For both of these graphs, we calculate the expected number of rentals per week or per month between 2015-2019 and then, see how each week/month of 2020 compares to the expected rentals.
More specifically, we use the calculation excess_rentals = actual_rentals - expected_rentals
. We used means as expected rentals as the data is approximately normally distributed.
Graph 1: Monthly Changes in TFL Bike Rentals
For our first graph, we plot a graph to show how much bike_rentals deviates from the monthly average in 2015-2020.
# Change to numeric
bike_left_join_2$month <- as.numeric(bike_left_join_2$month)
# Change to factor
bike_left_join_2$month <- as.factor(bike_left_join_2$month)
## Plot
ggplot(data=bike_left_join_2, aes(x=month , y=year_avgMonth, group=1)) + facet_wrap(~year) +
labs(x=NULL, y="Bike Rentals", caption="Source: TfL, London Data Store", title="Monthly changes in TfL bike rentals", subtitle= "Change from monthly average shown in blue \nand calculated between 2015-2019") + theme_minimal(base_family="Arial") + theme (plot.title = element_text(size=10), plot.subtitle = element_text(size=9))+
geom_ribbon(aes(ymin = year_avgMonth + if_else(diff_month < 0, diff_month, 0),
ymax = year_avgMonth), color ="grey", fill = "red", alpha = 0.3) +
geom_ribbon(aes(ymin = year_avgMonth,
ymax = year_avgMonth + if_else(diff_month > 0, diff_month, 0)),color ="grey", fill = "green", alpha = 0.3)+ theme(aspect.ratio=0.5) + theme(axis.text.x= element_text(size=5)) +
scale_x_discrete(labels=c("Jan", "Feb", "Mar", "Apr", "May", "Jun", "Jul", "Aug", "Sep", "Oct", "Nov", "Dec"))+ geom_line(color="blue")

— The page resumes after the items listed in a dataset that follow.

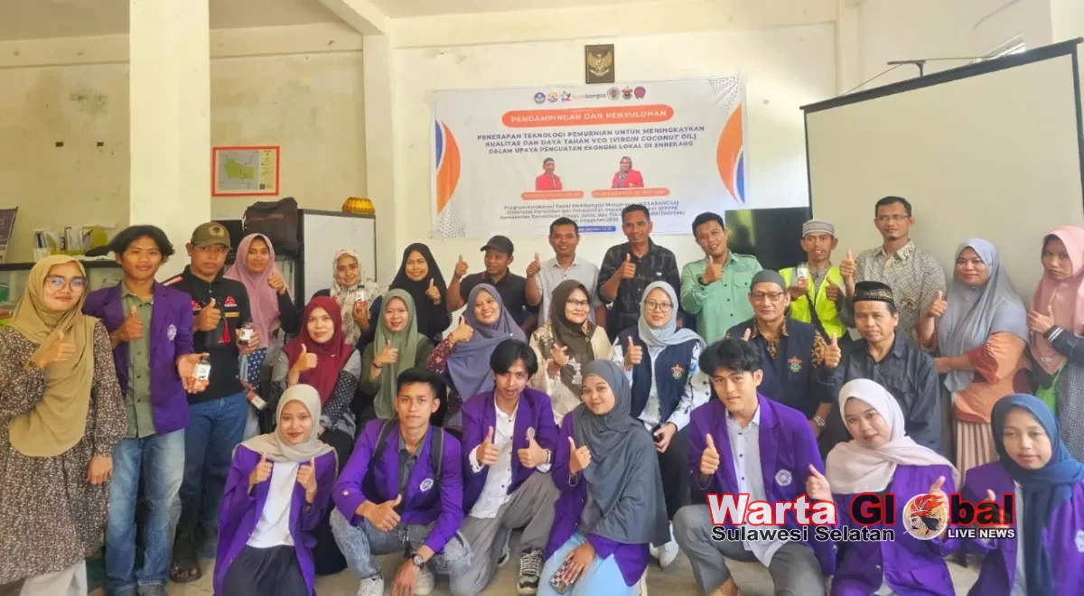 Enrekang, Warta Global.id - Upaya memperkuat ekonomi lokal berbasis potensi kelapa terus digalakkan melalui kolaborasi antara Universitas Muhammadiyah Enrekang (Unimen) dan Universitas Hasanuddin (Unhas). Kedua perguruan tinggi ini melaksanakan kegiatan pendampingan, penyuluhan, serta penyerahan alat dan teknologi pemurnian Virgin Coconut Oil (VCO) kepada masyarakat Desa Tungka, Kabupaten Enrekang, Sabtu (17/10).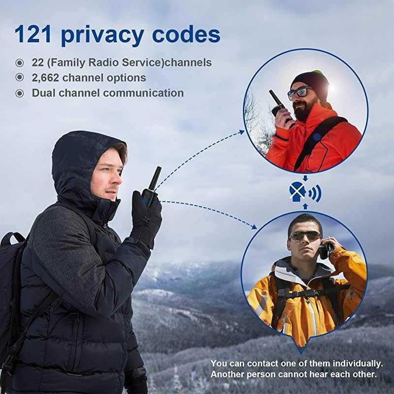 Color: Black-LJ Walkie Talkies Two-way radios your best choice for field survival. Walkie Talkies are the perfect way to stay in touch when out and about, whether at the playground, biking in the park or enjoying a picnic. Walkie Talkies Long Range UP to 16 miles communication range in open fields, provide 0.5 -2 miles communication in built-up areas or obstructed conditions. 2662 Channels Walkie talkies have 22 GMRS/FRS channels plus 121 sets of CTCSS tones (privacy codes). The continuous tone-coded squelch system gives you up to 2662 combinations to help block other conversations. Professional Walkie Talkies Earpiece Walkie talkie earpiece with mic can let our walkie talkie use in nosie place. Clear Voice & VOX Scan The sound is loud and clear with adjustable volume level. Walkie Talkies can scan which channel is transmitting now. Hands-Free Operation 3 sensitivity levels for hands-free operation, easy voice and sound activation transmission (VOX). Danger Quick Alarm One key can quickly alarm your friends or family when you are in danger.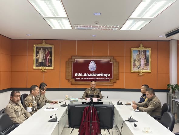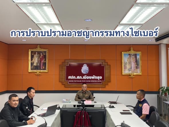 พัทลุงปลอดภัยสงบสุข วันนี้ 21 ต.ค. 2568 เวลา 13.00 น. -พ.ต.อ.จุมพฏ เลี่ยมแก้ว ผกก.สภ.เมืองพัทลุง พร้อมด้วย -พ.ต.ท.อพิเชษฐ์ อุทยารักษ์ รอง ผกก.สส.สภ.เมืองพัทลุง -พ.ต.ท.สุทิน แดงช่วง สว.สส.สภ.เมืองพัทลุง -พ.ต.ท.เกรียงไกร ลิ่มวงศ์สกุล สว.(สอบสวน)สภ.เมืองพัทลุง และเจ้าหน้าที่ผู้เกี่ยวข้องร่วมประชุมขับเคลื่อนแนวคิด ในการปราบปรามอาชญากรรมทางไซเบอร์จากท่าทีของเกาหลีได้ต่อกัมพูชา ณ ห้องประชุม ศปก.สภ.เมืองพัทลุง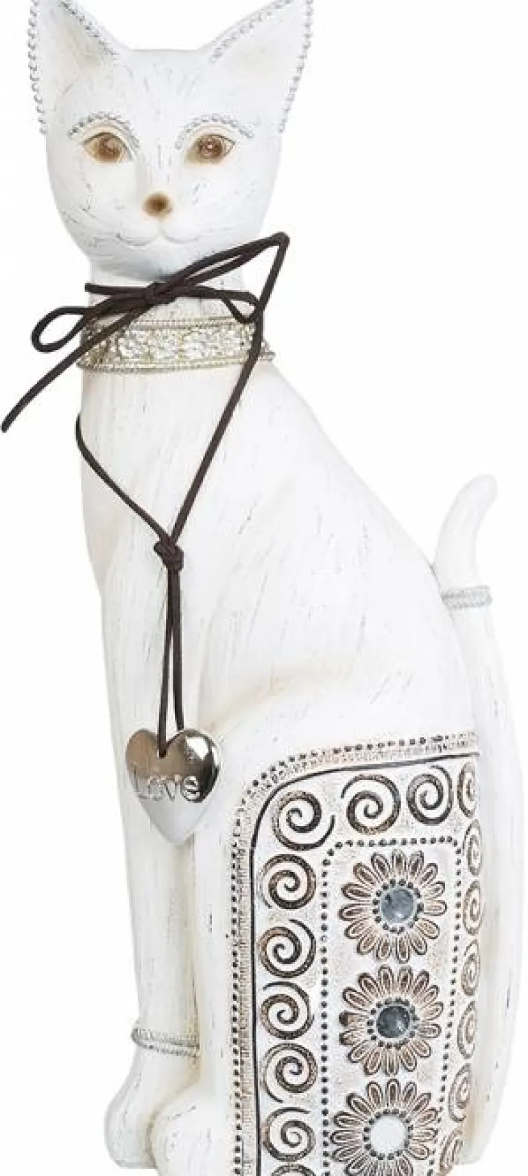Super flot og dekorativ figur af kat med sølvhjerte om halsen og mønster/dekoration – små klare perler der reflekterer lyset flot.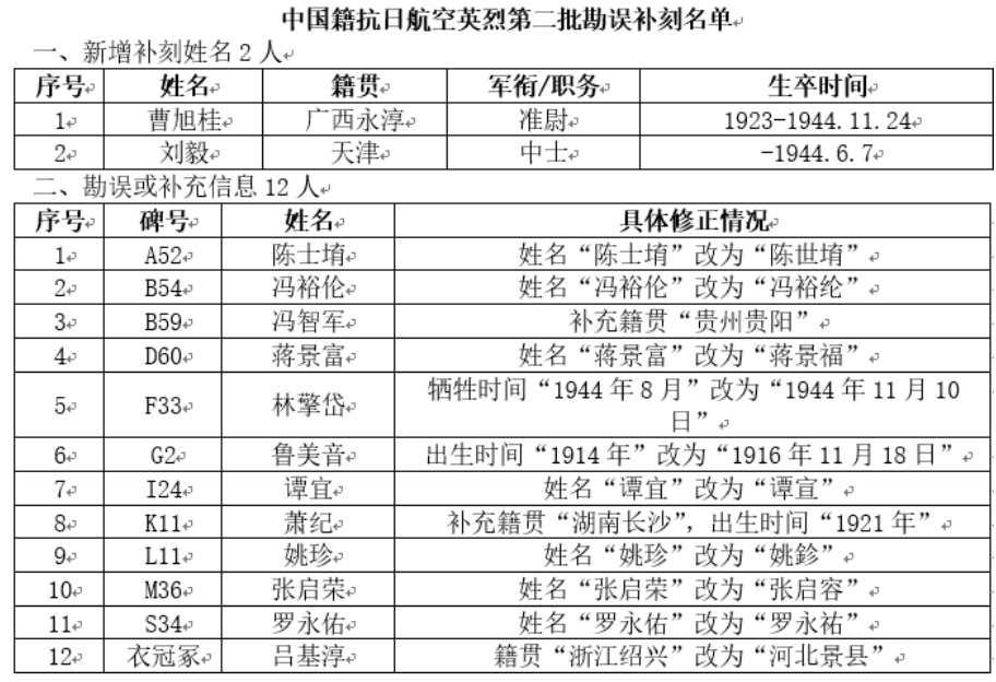 此次新增的2位英烈的姓名为曹旭桂和刘毅。“我们接到了英烈曹旭桂亲属的补刻申请,英烈刘毅的信息则是由一位热心市民提供。经过多方资料核实和论证后,均符合补刻条件。”南京抗日航空烈士纪念馆工作人员窦若琪说。
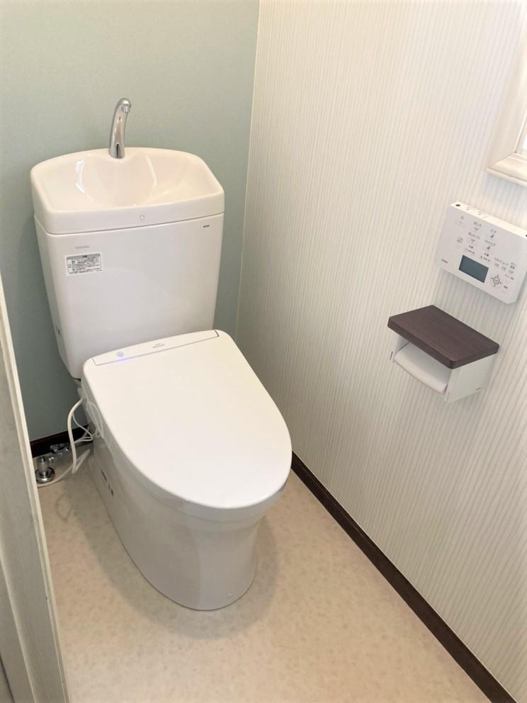 お掃除がしやすいフチのないトイレにリフォームしました。 アクセントカラーの壁紙が爽やかで明るいトイレになりました。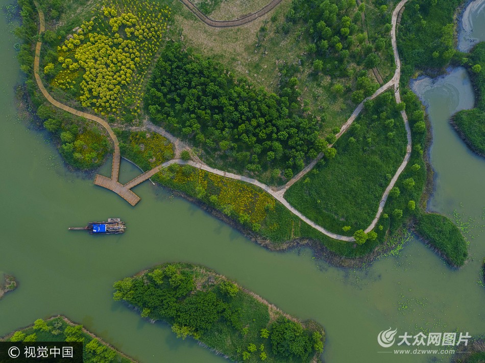 路旁隨處可見充滿野趣的湖泊、河流、小島,沿著陸地和修建的步道,三步五步便可在蘆葦蕩之間發現一片水域。

We can see that in 2015 and early 2016, TFL bikes was consistently below the monthly averages. However, this trends starts to reverse from July 2016 as TFL bikes usage starts to outpace the averages.
One interesting area to focus on is the year 2020 when the Covid-19 pandemic hits. TFL bike usage was quick to drop below average in March when case count started rising and the country went into lockdown. However, starting May, positive recovery is seen as usage started to outpace averages again.
Graph 2: Weekly Changes in TFL Bike Rentals
Now we move to plotting a new graph. This second graph looks at percentage changes from the expected level of weekly rentals.
# Filter out, group and calculate mean - Dataset 1
bike_filtered_week <- bike %>%
filter(year %in% c(2015: 2020)) %>%
group_by(year, week) %>%
summarise(avgWeek_filtered_week=mean(bikes_hired))
# Filter out, group and calculate mean - Dataset 2
bike_weekly_average <- bike_filtered_week %>%
filter(year %in% c(2015: 2019)) %>%
group_by(week) %>%
summarise(avgWeek_weekly_average=mean(avgWeek_filtered_week))
# Join Dataset 1 and 2
bike_joined_full <- left_join(bike_filtered_week, bike_weekly_average, by = "week")
# Calculate Excess Rental
bike_joined_full_2 <- bike_joined_full %>%
mutate(excessrentalspercent = (avgWeek_filtered_week - avgWeek_weekly_average)*100/avgWeek_weekly_average)
Finally, we produce the plots.
ggplot(bike_joined_full_2, aes(x=week, y=excessrentalspercent)) +
labs(title= "Weekly Changes in TFL Bike Rentals", subtitle=" % changes from weekly averages calculated between 2015-2019", x="week", y=NULL, caption="Source: TfL, London Data Store") +
facet_wrap(~year)+ geom_line(fill="black") +
theme_minimal() +
geom_ribbon(aes(ymin = excessrentalspercent - if_else(excessrentalspercent < 0, excessrentalspercent, 0),
ymax = excessrentalspercent), color ="grey", fill = "red", alpha = 0.3) +
geom_ribbon(aes(ymin = excessrentalspercent,
ymax = excessrentalspercent - if_else(excessrentalspercent > 0, excessrentalspercent, 0)),color ="grey", fill = "green", alpha = 0.3) +
scale_x_discrete(limits = c(13, 26, 39, 53)) +
geom_rect(xmin=13, xmax=26, ymin=-150, ymax=150, fill="grey", alpha=0.01) +geom_rect(xmin=39, xmax=52,ymin=-150, ymax=150,
fill="grey", alpha=0.01) +
geom_rug(sides="b", aes(colour=ifelse(excessrentalspercent > 0, "red", "green")), alpha=0.2) +
theme(legend.position='none') +
scale_y_continuous(labels = function(x) paste0(x, "%"))
Shifting our lens from the monthly to weekly, we can see some seemily different patterns then when observing only monthly data. For example, not all datapoints in 2015 and early 2016 are below average (red).
This is why it is important to be careful to look at different timelines before drawing conclusions in any analysis.